Problem description >>
Using the entries below, restate word for word only the lines from the one with "- 休日や夜間の緊急時に相談できる病院を知らない人の割合: 80.0%" to the final line, leaving the pictures out.

Task data >>
● ● ● ●

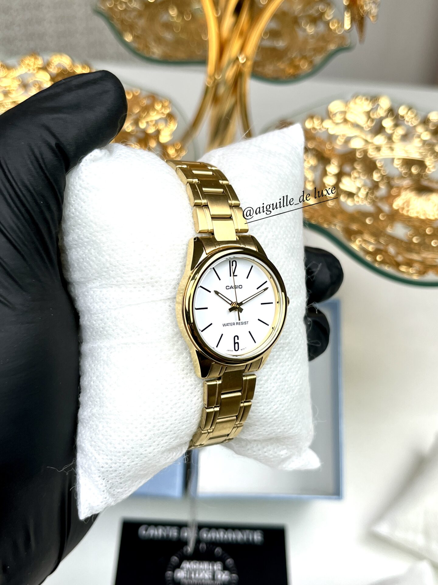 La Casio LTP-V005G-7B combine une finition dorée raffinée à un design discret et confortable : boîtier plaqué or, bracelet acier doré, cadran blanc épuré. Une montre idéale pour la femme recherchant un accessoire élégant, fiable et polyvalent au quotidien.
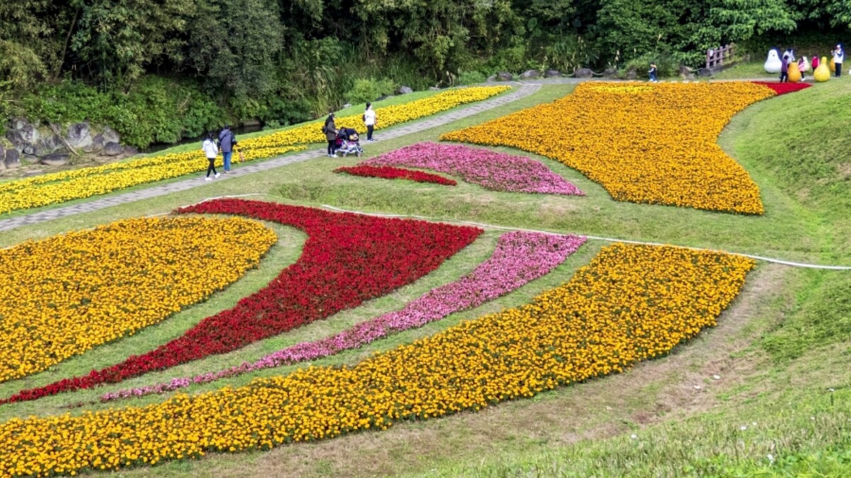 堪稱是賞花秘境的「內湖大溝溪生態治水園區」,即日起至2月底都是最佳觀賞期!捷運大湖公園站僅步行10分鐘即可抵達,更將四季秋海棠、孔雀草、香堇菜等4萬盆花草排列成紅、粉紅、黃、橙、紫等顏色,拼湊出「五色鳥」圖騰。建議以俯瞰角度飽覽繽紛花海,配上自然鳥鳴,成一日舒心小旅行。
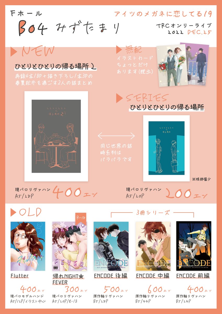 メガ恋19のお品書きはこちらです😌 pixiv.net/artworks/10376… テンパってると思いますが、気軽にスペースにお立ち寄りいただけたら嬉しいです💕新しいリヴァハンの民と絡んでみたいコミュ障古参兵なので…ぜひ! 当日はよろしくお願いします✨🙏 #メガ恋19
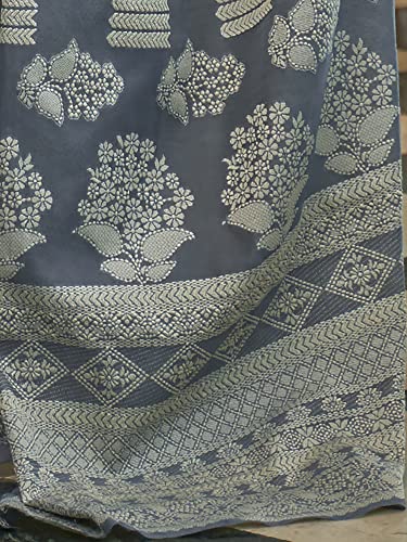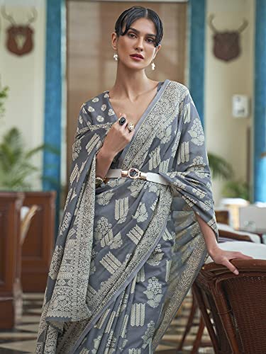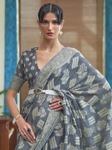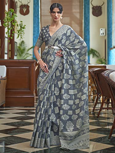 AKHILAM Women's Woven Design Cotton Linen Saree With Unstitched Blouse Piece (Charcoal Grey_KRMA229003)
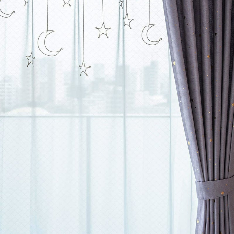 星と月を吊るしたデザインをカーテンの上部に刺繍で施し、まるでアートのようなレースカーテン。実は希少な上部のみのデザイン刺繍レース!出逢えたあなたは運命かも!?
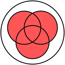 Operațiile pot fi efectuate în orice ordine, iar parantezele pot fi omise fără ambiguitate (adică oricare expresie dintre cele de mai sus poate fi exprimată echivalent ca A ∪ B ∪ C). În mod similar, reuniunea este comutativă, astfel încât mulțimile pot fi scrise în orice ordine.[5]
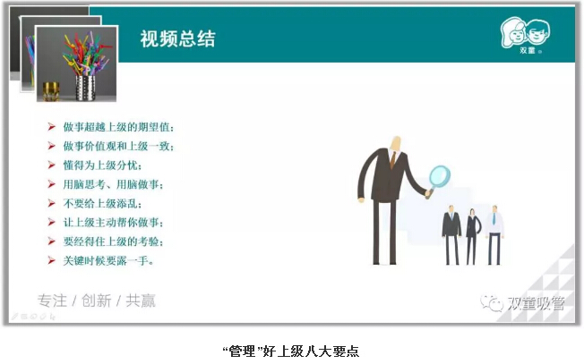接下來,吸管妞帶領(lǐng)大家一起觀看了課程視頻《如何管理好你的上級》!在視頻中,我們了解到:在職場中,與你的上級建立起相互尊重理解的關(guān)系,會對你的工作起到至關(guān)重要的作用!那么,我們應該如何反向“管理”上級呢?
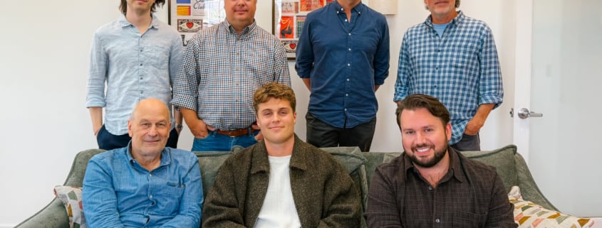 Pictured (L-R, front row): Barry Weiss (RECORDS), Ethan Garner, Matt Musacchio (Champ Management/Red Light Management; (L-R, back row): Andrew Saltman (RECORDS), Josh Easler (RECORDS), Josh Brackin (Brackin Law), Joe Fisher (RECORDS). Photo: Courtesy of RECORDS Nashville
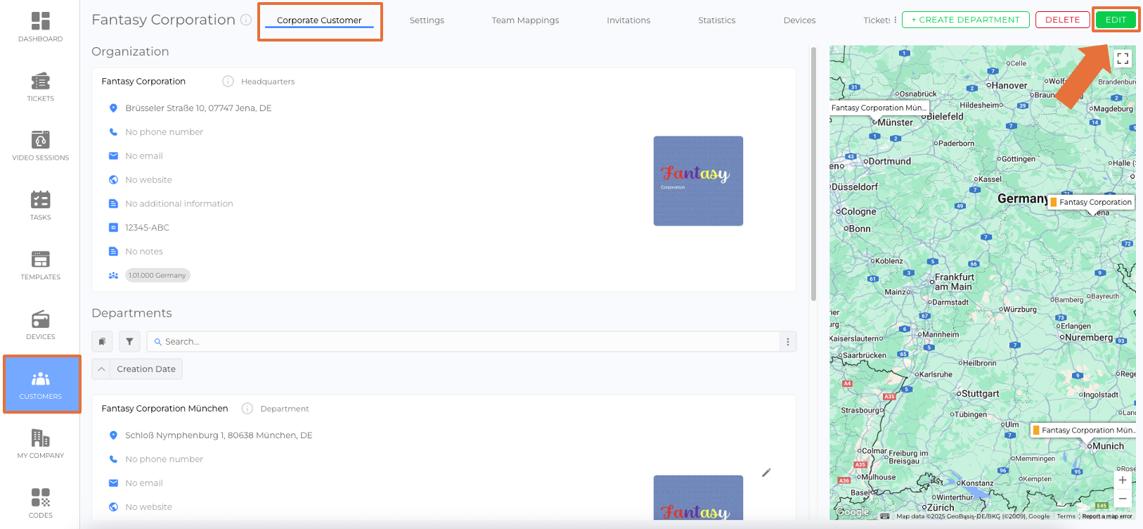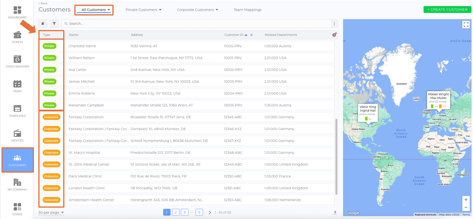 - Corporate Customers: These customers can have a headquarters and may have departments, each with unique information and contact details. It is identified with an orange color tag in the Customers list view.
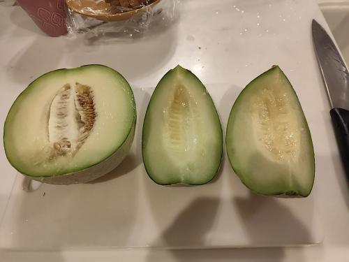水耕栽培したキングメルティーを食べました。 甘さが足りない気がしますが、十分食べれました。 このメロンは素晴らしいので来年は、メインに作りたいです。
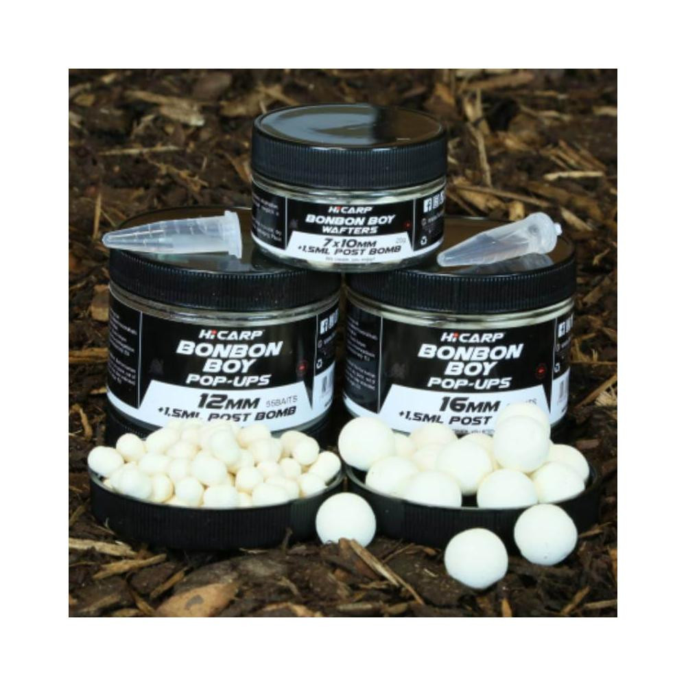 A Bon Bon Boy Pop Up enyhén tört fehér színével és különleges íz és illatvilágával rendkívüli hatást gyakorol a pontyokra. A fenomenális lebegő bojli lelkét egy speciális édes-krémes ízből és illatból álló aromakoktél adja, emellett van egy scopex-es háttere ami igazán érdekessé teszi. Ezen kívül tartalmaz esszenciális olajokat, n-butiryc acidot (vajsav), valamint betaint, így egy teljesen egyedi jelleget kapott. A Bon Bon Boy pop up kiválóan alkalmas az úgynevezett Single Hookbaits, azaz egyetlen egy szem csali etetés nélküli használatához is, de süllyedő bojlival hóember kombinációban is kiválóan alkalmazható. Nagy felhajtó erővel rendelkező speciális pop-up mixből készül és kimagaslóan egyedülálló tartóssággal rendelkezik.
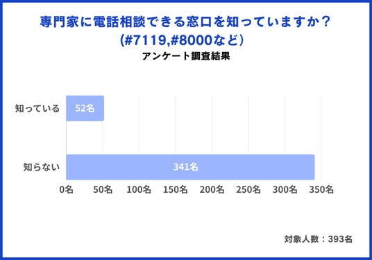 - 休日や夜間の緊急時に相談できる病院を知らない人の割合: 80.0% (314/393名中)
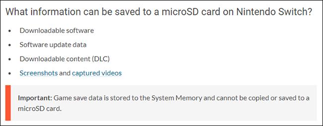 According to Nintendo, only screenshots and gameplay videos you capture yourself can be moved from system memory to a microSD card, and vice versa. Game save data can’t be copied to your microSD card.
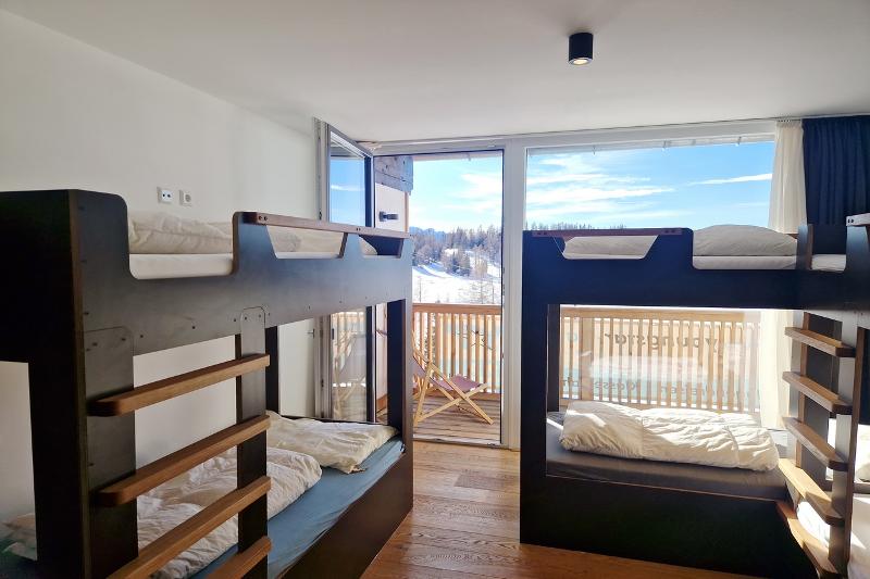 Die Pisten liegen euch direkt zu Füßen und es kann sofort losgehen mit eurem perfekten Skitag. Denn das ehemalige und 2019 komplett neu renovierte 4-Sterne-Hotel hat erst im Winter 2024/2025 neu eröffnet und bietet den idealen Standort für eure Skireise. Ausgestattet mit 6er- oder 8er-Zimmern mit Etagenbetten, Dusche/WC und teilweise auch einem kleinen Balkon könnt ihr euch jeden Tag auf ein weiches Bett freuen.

● ● ● ●

Response >>
 - 休日や夜間の緊急時に相談できる病院を知らない人の割合: 80.0% (314/393名中)
 According to Nintendo, only screenshots and gameplay videos you capture yourself can be moved from system memory to a microSD card, and vice versa. Game save data can’t be copied to your microSD card.
 Die Pisten liegen euch direkt zu Füßen und es kann sofort losgehen mit eurem perfekten Skitag. Denn das ehemalige und 2019 komplett neu renovierte 4-Sterne-Hotel hat erst im Winter 2024/2025 neu eröffnet und bietet den idealen Standort für eure Skireise. Ausgestattet mit 6er- oder 8er-Zimmern mit Etagenbetten, Dusche/WC und teilweise auch einem kleinen Balkon könnt ihr euch jeden Tag auf ein weiches Bett freuen.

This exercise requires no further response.